Nunber( of Half-Wave Rods (N) and
Numeric PowerRatio Gain (dB) 1
0
2 3
4 6
8 9

First difference from Richard Fry`s table is the loss of 3.55 dB as the
result of circular polarization (mostly) as half of the power which a
linearly polarized reference dipole would
use is cross-polarized.

The steps between doubling the number of elements in Richard Fry`s table
are all nearly 3 dB. Bailey says "approximate rule". He is vindicated.

Best regards, Richard Harrison, KB5WZI

"Richard Harrison" wrote
First difference from Richard Fry`s table is the loss of 3.55 dB
as the result of circular polarization (mostly) as half of the power
which a linearly polarized reference dipole would use is
cross-polarized.

That, and the fact that the radiation pattern from each element is not the
pure cosine function assumed for a 1/2-wave dipole. It has slightly less
gain peak gain.

The steps between doubling the number of elements
in Richard Fry`s table are all nearly 3 dB.
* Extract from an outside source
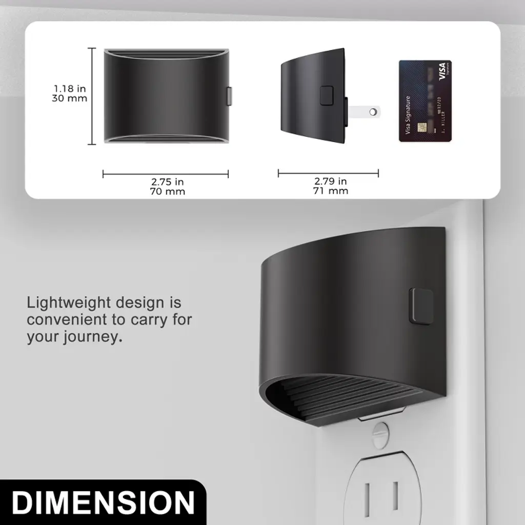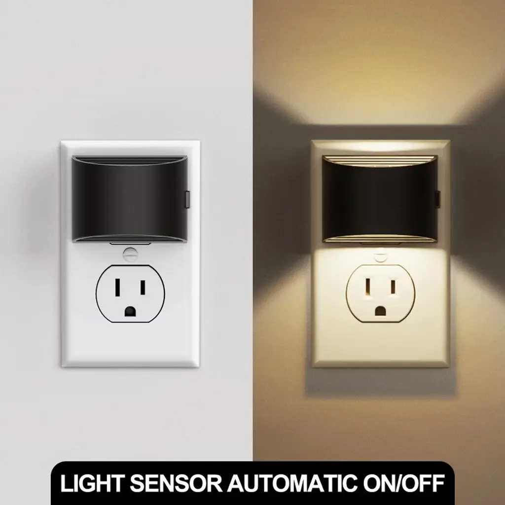 This set of two 1W plug-in night lights features a semi-arc wall light design with up and down warm white light (3000K) for a cozy atmosphere. Equipped with a built-in light sensor, these lights automatically turn on in low light conditions and off during the day. The convenient button control allows you to switch between three brightness levels, with a memory function that remembers your last setting after turning off. Long press the button for 2 seconds to power off the light sensor and the light itself. Designed with a sleek black housing and US dual plug, these night lights are perfect for bedrooms, hallways, or bathrooms.

"Nearly" is right, but the difference is not uniform for successive doubling
of apertures.

A small variation in the bay-bay spacing (departing from 1 wavelength) is
needed as a function of the number of bays, to maximize the peak gain from
this type of an array. The arrays in my table all have exactly 1-wavelength
element spacing, and the peak gain from arrays of them is lower than
expected for lower numbers of elements, and higher than expected for higher
numbers of elements -- which stretches/compresses that nominal 3 dB delta.

Fine points, to be sure.

RF

I don't think that's a valid excuse. The 3 dB rule applies to phased
arrays only when mutual coupling is ignored or in a few special cases.
Mutual coupling had to have been known at least at the time of the
invention of the Yagi-Uda antenna in 1926, and probably long before
that. It was being calculated for geometrically simple antennas at least
as early as 1943 (cf. R. King, Proc. IRE). Work proceeded rapidly
through the '40s, with papers describing increasingly accurate
techniques with antennas of increasing complexity.
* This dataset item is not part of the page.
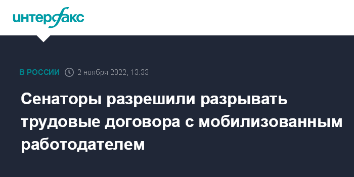 Москва. 2 ноября. INTERFAX.RU - Совет Федерации одобрил закон о прекращении трудовых договоров с сотрудниками обществ с ограниченной ответственностью, чей единственный собственник-гендиректор был мобилизован, но не передал никому управление компанией.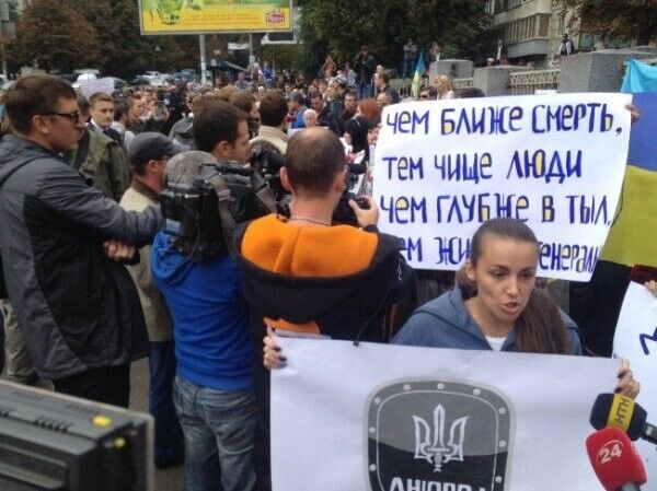 Под зданием Министерства обороны в Киеве проходит митинг. В настоящее время там собралось около 300 человек. Люди требуют выдать батальонам, которые сейчас находятся в зоне АТО на востоке Украины, тяжелую технику и вооружение. Активист Егор Соболев озвучил требования митингующих: деблокировать Иловайск; предоставить батальонам танки и артиллерию; отправить в отставку министра обороны Валерия Гелетея.

We now have the means to calculate mutual coupling much more easily than
before, and for geometries which were impossible to deal with before we
had computers to do the work, but I don't think we've modified our
understanding of the phenomenon for many decades (some notable antenna
charlatans notwithstanding). Anyone measuring the gain of a short Yagi,
the gain of which routinely exceeds 3 dB per doubling of elements by a
considerable margin, must have become aware of the shortcoming of the 3
dB rule.

I suspect that if we were to read the cited quotations very carefully,
we'd see qualifications that explain neglecting mutual coupling.

Roy Lewallen, W7EL

Ian White GM3SEK wrote:
+3dB is a valid generalization, based on sound physics - but it is only
a generalization.

At the time those Grand Old Men were writing their textbooks, such
generalizations were the best that anybody could manage. But they had no
way of checking their accuracy - or more important, why and when they
start to become INaccurate.

50 years on, we do have a way, and we now know much more than they did.
That makes it very dangerous to quote those Grand Old Generalizations as
accurate and universal truths. Richard was quite correct to describe the
"+3dB rule" as "naive" - because, at today's level of knowledge, it is.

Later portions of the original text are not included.